The debate over the rise of cashless economies

cashless

In the last decade there have been big changes to how people pay for things.

While money is still involved in every transaction, the ways in which it has come to be represented have diversified. Instead of coins and banknotes, we now have digital money which is being taken from our debit and credit cards contactless, accessed through our phone’s applications, and wired directly into other people’s bank accounts over the internet.

These changes hold enormous promise, but also lesser considered risks for our planet. As such, debate on the subject has been fierce. Inspecting examples of economies that are already moving towards cashlessness is vital if we are to weigh in on the discussion.

Different nations are enacting digital financial programs in various ways. While the Scandanavian nations are seen by some to be leading healthy digital transformation, India showed the world in 2016 how damaging a hasty transition to cashlessness can be to a largely informal economy, particularly when policies are changed without proper planning.

In an alleged push for anti-corruption and modernisation, Narendra Modi, India’s prime minister, cancelled 86 percent of all banknotes, giving people just four hours’ notice. The move was controversial to say the least. At the time, 90 percent of all Indian transactions were performed using cash. Indians could exchange defunct bills, but the scale of the necessary operation was far beyond what the government could handle.

The queues of people waiting to change old money reportedly stretched for hours. Added to this Modi’s approach and official policy in managing the episode seemed to change every other day.
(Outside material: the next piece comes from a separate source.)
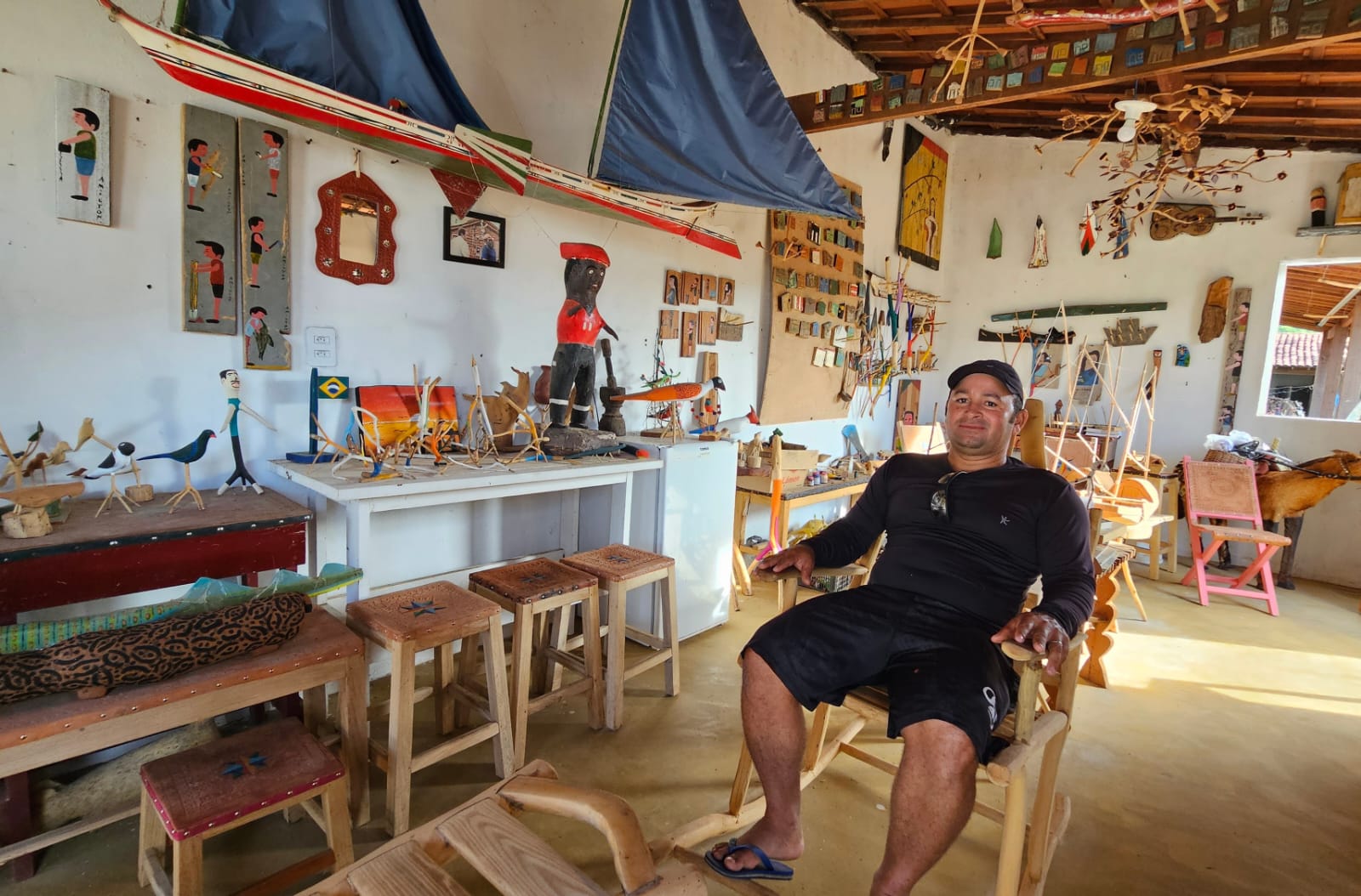 Dedé no seu atelier na Ilha do Ferro onde reúne artistas de Pão de Açúcar, Olho D´água do Casado e Poço Redondo (Sergipe)

The resulting disruption was crippling, causing a 1.5 percent drop in GDP, representing job losses and business closures, and amounting to $15 billion in economic damage. Due to a shortage of currency in circulation, basic transactions became extremely difficult or impossible, especially for the largely rural, informal workers that dominate the Indian population.

The Reserve Bank of India, the Indian central bank, was also not ready for the banknotes and their new size specifications, rendering cash machines across the nation of 1.35 billion people useless and in need of upgrades before they could be used for distribution.

In this example, while Modi’s effort has been largely assessed to be an aggressive push to force many Indian’s into the formal economy, which would be a driver of positive developments in a country with an abysmal rate of tax compliance – there was serious collateral damage as a result.

The move could be described, at best, as harsh and ineffective. Not only did the economy not shift in the way that the government planned, with cash in circulation somehow increasing after the drive, but the poorest citizens, as is always the case, were the worst affected. Many Indians do not have bank accounts, as such they are not ready for digital payments, relying entirely on cash. This is true of people elsewhere around the world too, so we can consider these effects from a global perspective. Aggressive economic conversion is evidently a bad policy.

While financial visionaries tout the many possible benefits of purely digital economies, such as greater controls and transparency, near zero tax evasion and so on, there are also serious drawbacks. When cash is taken out of the economy the poor, the less connected, the elderly, or the simply untrained – can quickly fall behind. Even while companies like Visa and Mastercard, which holds a huge portion of the payments market under its dominion, aim for functionality one hundred percent of the time, they are unable to achieve this. Limitations of technology and the effects of necessary network upgrades and maintenance render such a task impossible. Security is also not drastically improving. As physical financial crimes go down, cybercrime is rapidly increasing in frequency.

In this sense there is no full-proof form for money: even cybercurrencies get stolen. Cash has, however, been the most consistent, longest-enduring method for payment. It has its own drawbacks, such as expensive logistics, production, and security requirements, but it does not fail when the power or the internet are cut. In the event of disasters and freak events cash is the go-to means of transaction.

By having money in the economy in the form of cash, control also stays ambiguous in a positive way. While banks store and are responsible for printing it, cash is a real, tangible object rather than simply a number on a screen. While the world economy runs on a system of imaginary money, debtor and creditor relationships, physical cash keeps the system honest. Without it, people’s complete reliance on the goodwill of institutions becomes problematic.

Being able to store money in physical cash and spend it anonymously is analogous to free speech: freedom of scrutiny-free spending. There is of course a balance to be struck between keeping people safe from criminal activities and allowing them their freedoms, and it is a vital one to get right.

With countries like China using everything at their disposal to control populations and commit human rights abuses, total financial control of citizens would be another nail in the coffin for civil liberties. For these beleaguered people, the digital footprint of their transactions could become another pillar upon which to construct the state panopticon. Cash is vital in resisting the current trends around the world towards similar outbreaks of technologically enabled authoritarianism.